Metapone
The metapone package conducts pathway tests for untargeted metabolomics data. It has three main characteristics: (1) expanded database combining SMPDB and Mummichog databases, with manual cleaning to remove redundancies; (2) A new weighted testing scheme to address the issue of metabolite-feature matching uncertainties; (3) Can consider positive mode and negative mode data in a single analysis.

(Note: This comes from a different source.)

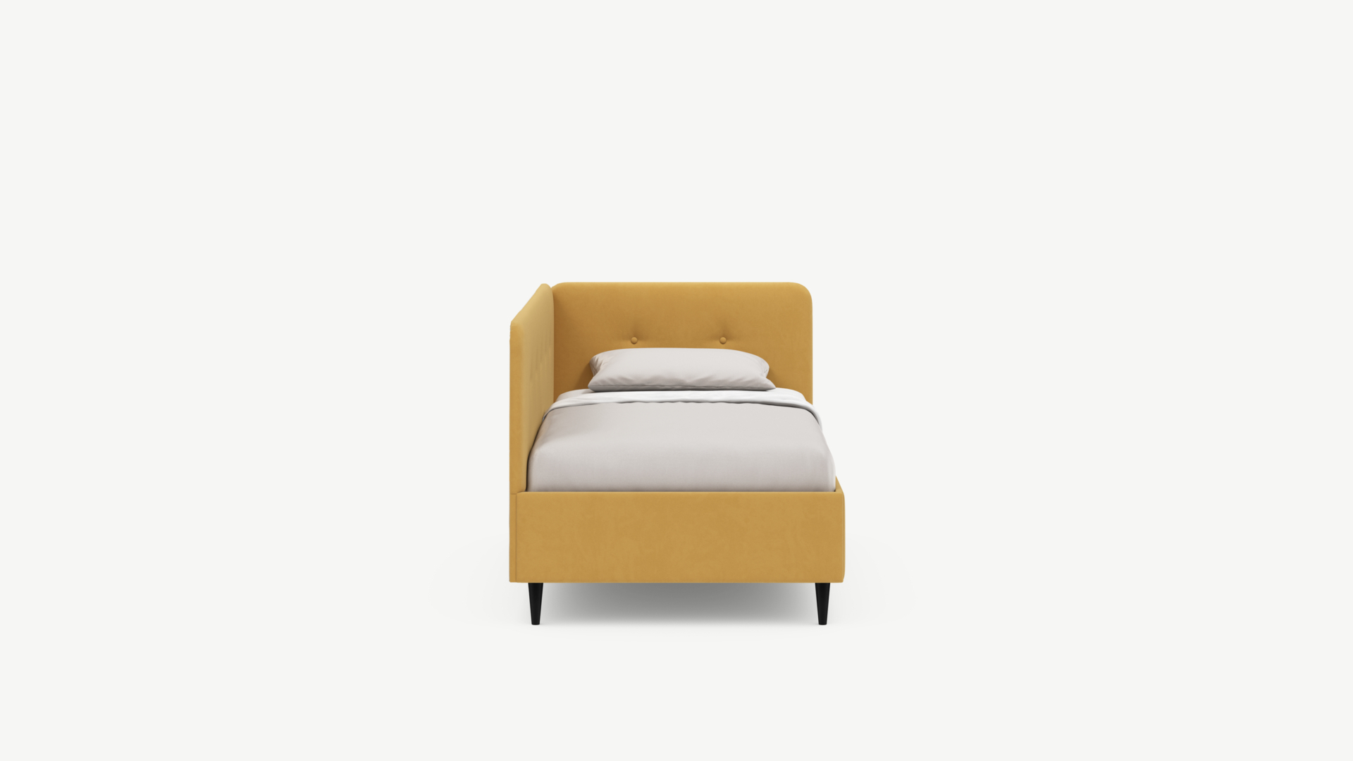 Угловая односпальная кровать MOON FAMILY 1253 с мягкой спинкой и изголовьем обладает округлыми формами, привносящими в интерьер нотки нежности. Изголовье, украшенное пуговицами, добавляет окружающему пространству шарм и уют. Высокие опоры придают кровати визуальной легкости, а также обеспечивают удобство во время уборки.

The two databases are at:
https://smpdb.ca/
https://shuzhao-li.github.io/mummichog.org/software.html
Metapone can be install by calling:
```{install}
devtools::install_github("tianwei-yu/metapone").
```
To use the package, you need to have testing results on untargetted metabolomics data ready. The test result should contain at least three clumns - m/z, retention time, and feature p-value. An example input data can be seen here:
```{r}
> library(metapone)
> data(pos)
> head(pos)
m.z retention.time p.value statistic
1 85.04027 55.66454 0.22109229 -1.231240
2 85.07662 56.93586 0.52181695 -0.642790
3 85.57425 125.97117 0.13483680 -1.507372
4 86.06064 194.81306 0.26069118 1.131101
5 86.08001 54.74512 0.17206535 1.375352
6 86.09704 177.73650 0.07541608 1.796427
```
The package can use data from a single ion mode. But it can also handle the situation where data are collected on the same samples using both modes. If both positive mode and negative mode data are present, each is input into the algorithm as a separate matrix.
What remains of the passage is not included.